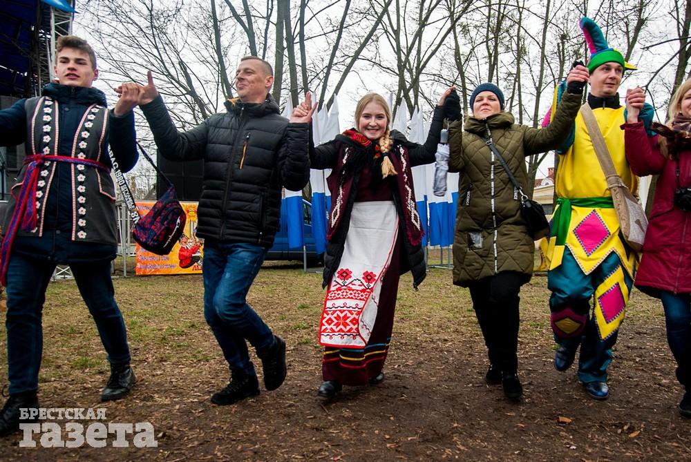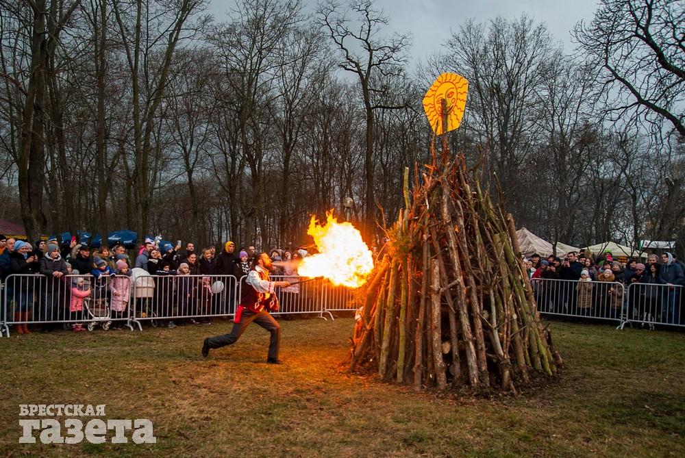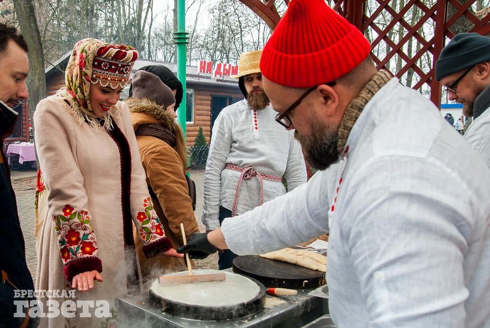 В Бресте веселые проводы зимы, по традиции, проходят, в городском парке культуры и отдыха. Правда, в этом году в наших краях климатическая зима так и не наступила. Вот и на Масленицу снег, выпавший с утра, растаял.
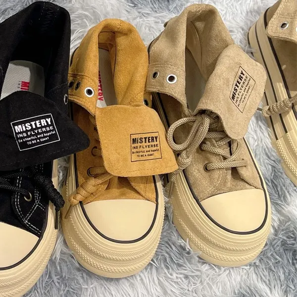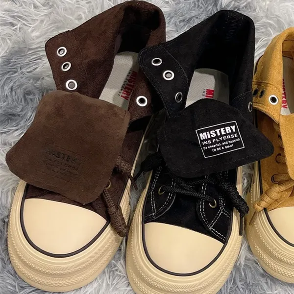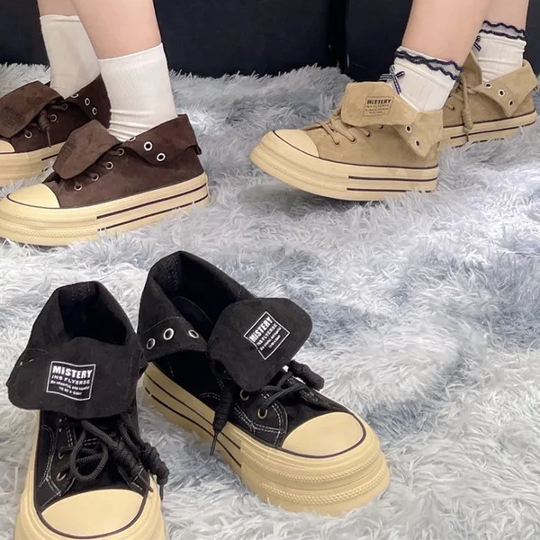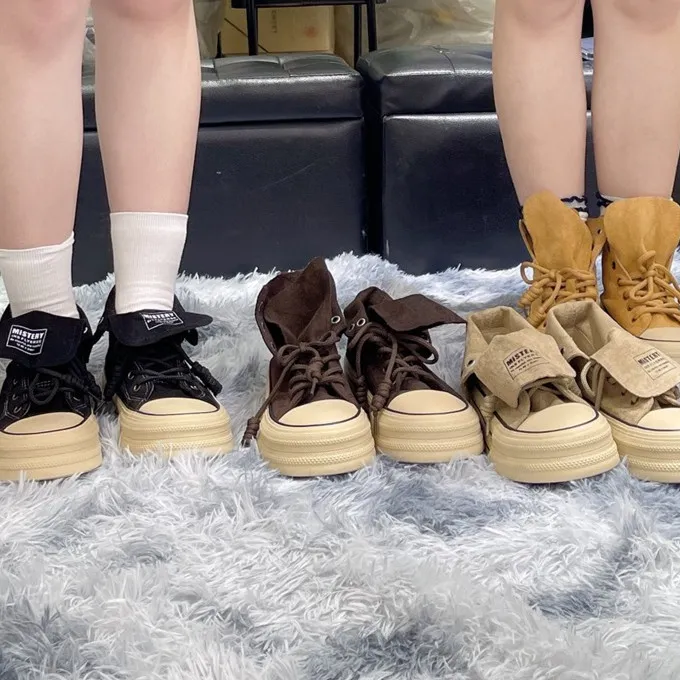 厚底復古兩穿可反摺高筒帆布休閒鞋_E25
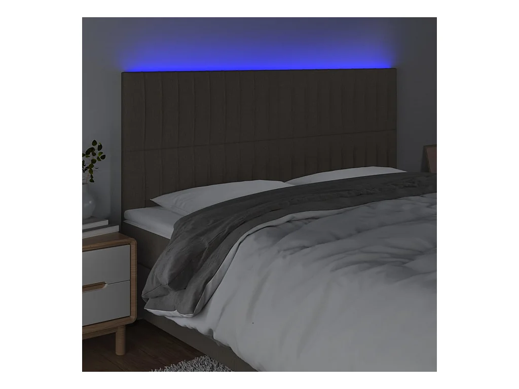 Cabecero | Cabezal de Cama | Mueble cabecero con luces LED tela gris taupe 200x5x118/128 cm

* * *

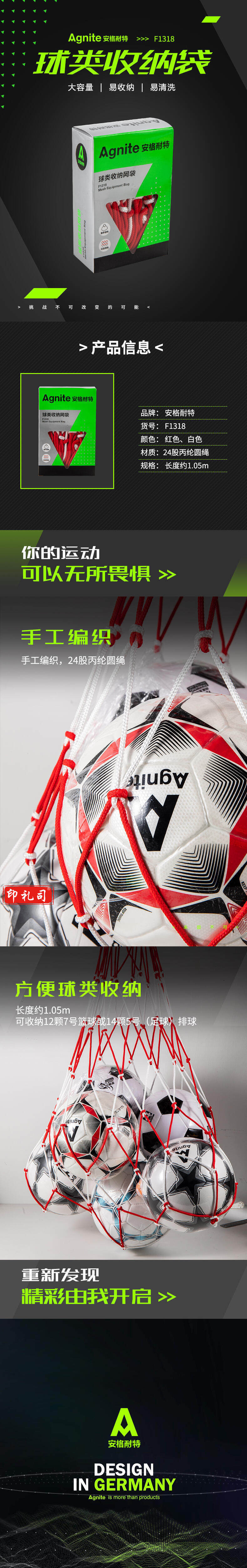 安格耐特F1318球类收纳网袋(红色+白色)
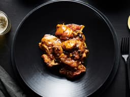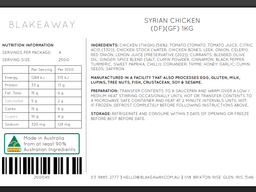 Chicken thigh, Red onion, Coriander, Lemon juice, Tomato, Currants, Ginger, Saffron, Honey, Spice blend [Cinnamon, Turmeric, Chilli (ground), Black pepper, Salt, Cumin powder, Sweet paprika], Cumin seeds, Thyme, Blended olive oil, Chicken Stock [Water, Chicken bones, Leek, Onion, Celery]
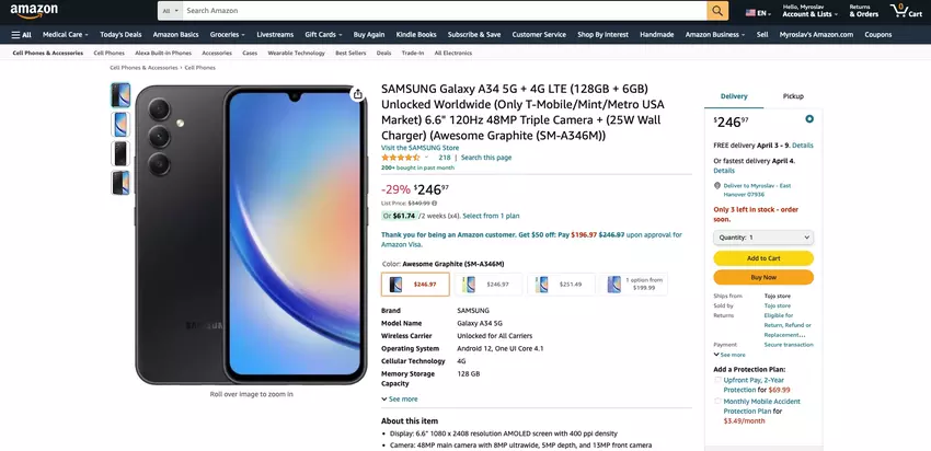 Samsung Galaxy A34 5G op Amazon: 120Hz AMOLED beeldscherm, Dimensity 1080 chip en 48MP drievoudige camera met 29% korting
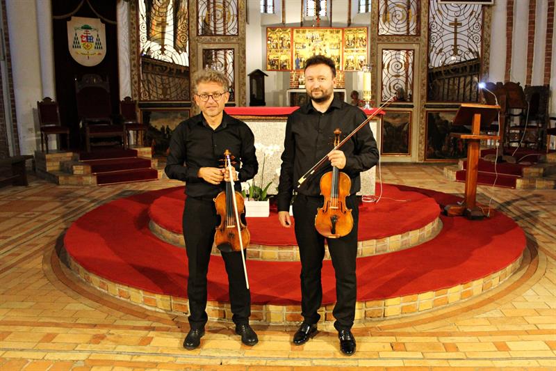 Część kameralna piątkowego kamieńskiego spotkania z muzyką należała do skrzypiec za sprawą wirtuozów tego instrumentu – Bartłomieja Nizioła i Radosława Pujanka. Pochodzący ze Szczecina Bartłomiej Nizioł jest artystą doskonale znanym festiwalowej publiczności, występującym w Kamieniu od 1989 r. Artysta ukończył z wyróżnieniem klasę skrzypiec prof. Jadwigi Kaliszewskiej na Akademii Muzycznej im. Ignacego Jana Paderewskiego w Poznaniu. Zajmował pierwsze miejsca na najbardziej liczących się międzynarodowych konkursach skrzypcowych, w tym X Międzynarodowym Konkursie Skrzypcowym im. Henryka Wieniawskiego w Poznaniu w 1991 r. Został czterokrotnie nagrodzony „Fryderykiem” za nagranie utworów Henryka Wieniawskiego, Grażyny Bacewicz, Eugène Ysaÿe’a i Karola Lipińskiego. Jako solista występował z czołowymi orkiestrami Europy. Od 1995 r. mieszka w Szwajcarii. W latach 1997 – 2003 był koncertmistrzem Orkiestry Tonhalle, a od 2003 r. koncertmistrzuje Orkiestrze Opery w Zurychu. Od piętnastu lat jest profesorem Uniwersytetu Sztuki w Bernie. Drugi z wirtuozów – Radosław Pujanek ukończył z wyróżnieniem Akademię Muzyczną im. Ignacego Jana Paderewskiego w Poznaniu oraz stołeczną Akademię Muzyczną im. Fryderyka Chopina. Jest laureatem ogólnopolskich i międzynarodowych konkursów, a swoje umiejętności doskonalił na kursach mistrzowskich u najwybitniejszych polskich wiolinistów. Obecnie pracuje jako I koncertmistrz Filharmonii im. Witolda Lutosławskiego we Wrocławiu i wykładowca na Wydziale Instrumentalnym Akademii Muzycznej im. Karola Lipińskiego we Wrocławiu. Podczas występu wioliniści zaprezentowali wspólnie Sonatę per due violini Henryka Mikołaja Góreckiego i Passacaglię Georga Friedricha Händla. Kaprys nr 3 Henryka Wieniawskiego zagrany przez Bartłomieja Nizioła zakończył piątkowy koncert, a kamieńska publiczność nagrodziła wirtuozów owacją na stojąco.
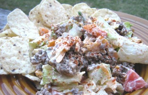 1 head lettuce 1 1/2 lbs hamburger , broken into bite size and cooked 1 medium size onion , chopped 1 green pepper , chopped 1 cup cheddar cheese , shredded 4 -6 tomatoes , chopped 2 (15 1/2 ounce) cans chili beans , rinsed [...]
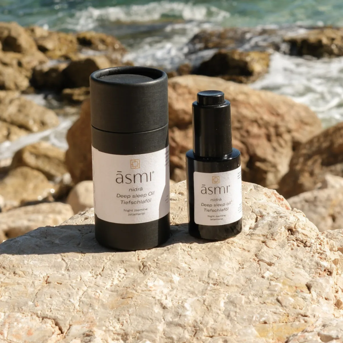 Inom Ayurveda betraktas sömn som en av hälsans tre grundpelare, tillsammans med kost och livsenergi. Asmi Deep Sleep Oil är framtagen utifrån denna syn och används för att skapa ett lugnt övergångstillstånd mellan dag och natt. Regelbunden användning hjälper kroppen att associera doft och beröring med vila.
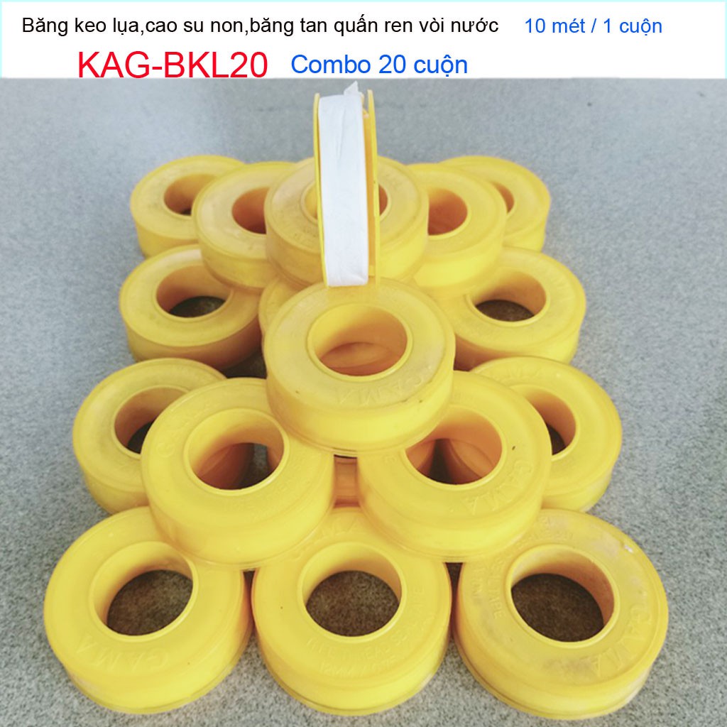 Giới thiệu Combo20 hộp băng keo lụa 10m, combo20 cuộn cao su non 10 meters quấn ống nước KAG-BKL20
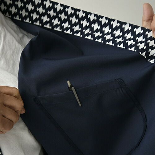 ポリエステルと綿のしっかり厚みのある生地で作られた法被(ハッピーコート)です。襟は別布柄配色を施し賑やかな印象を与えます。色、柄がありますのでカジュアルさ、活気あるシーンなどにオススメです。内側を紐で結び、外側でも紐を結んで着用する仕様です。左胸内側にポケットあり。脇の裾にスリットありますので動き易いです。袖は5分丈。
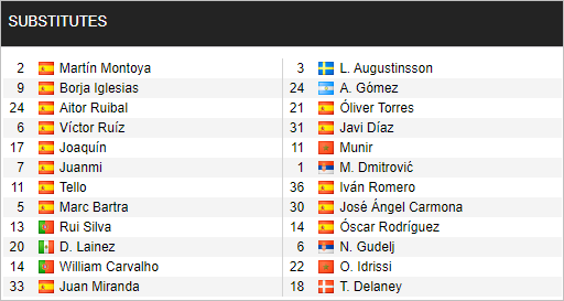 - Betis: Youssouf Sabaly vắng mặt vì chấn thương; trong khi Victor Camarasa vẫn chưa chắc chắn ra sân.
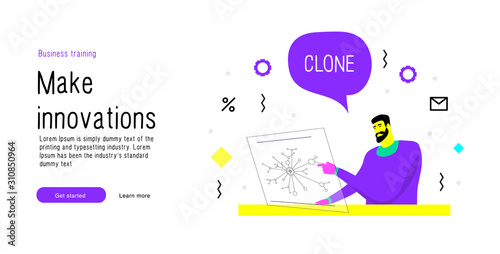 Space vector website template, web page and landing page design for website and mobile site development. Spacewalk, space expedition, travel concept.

* * *

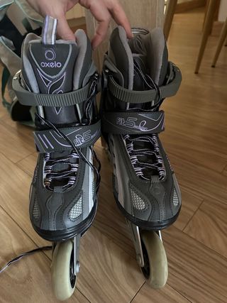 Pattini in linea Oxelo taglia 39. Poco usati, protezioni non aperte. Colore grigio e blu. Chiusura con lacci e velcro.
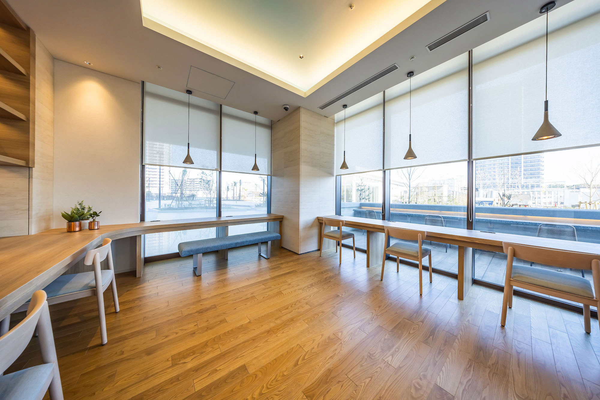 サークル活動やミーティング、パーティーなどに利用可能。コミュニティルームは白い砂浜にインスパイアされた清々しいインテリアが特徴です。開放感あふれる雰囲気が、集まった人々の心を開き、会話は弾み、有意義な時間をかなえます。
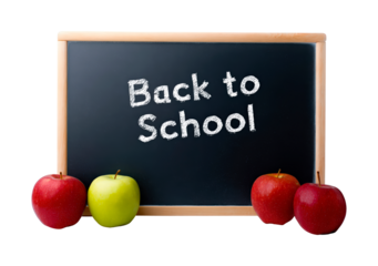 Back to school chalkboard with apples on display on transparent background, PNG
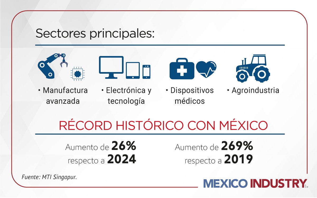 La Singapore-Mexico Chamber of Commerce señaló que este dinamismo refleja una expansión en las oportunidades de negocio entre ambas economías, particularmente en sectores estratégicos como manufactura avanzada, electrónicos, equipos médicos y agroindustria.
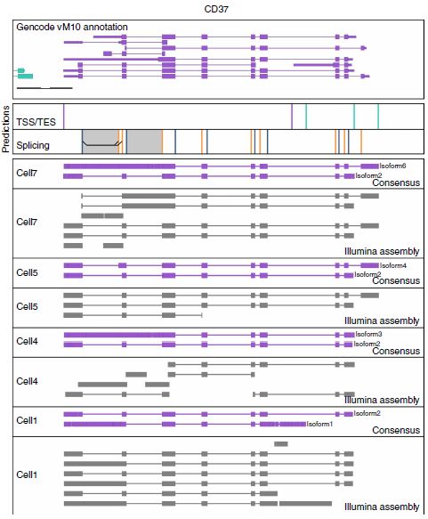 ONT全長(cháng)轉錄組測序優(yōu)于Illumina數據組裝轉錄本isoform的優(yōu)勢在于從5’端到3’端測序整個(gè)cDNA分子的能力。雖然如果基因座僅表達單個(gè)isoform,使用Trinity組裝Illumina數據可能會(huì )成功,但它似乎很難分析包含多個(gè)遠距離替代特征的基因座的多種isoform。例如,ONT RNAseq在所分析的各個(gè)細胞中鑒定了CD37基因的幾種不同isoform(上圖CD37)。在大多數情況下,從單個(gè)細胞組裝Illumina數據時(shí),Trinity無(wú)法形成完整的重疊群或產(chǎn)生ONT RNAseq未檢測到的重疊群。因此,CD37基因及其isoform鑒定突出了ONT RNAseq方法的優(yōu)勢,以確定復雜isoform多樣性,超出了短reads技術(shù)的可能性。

▶ _WORK TASK_
Within the listing above, extract exactly the lines that run from the one containing "Pattini in linea" through the one containing "サークル活動やミーティング、", excluding any pictures.

▶ _SOLUTION BELOW_
 Pattini in linea Oxelo taglia 39. Poco usati, protezioni non aperte. Colore grigio e blu. Chiusura con lacci e velcro.
 サークル活動やミーティング、パーティーなどに利用可能。コミュニティルームは白い砂浜にインスパイアされた清々しいインテリアが特徴です。開放感あふれる雰囲気が、集まった人々の心を開き、会話は弾み、有意義な時間をかなえます。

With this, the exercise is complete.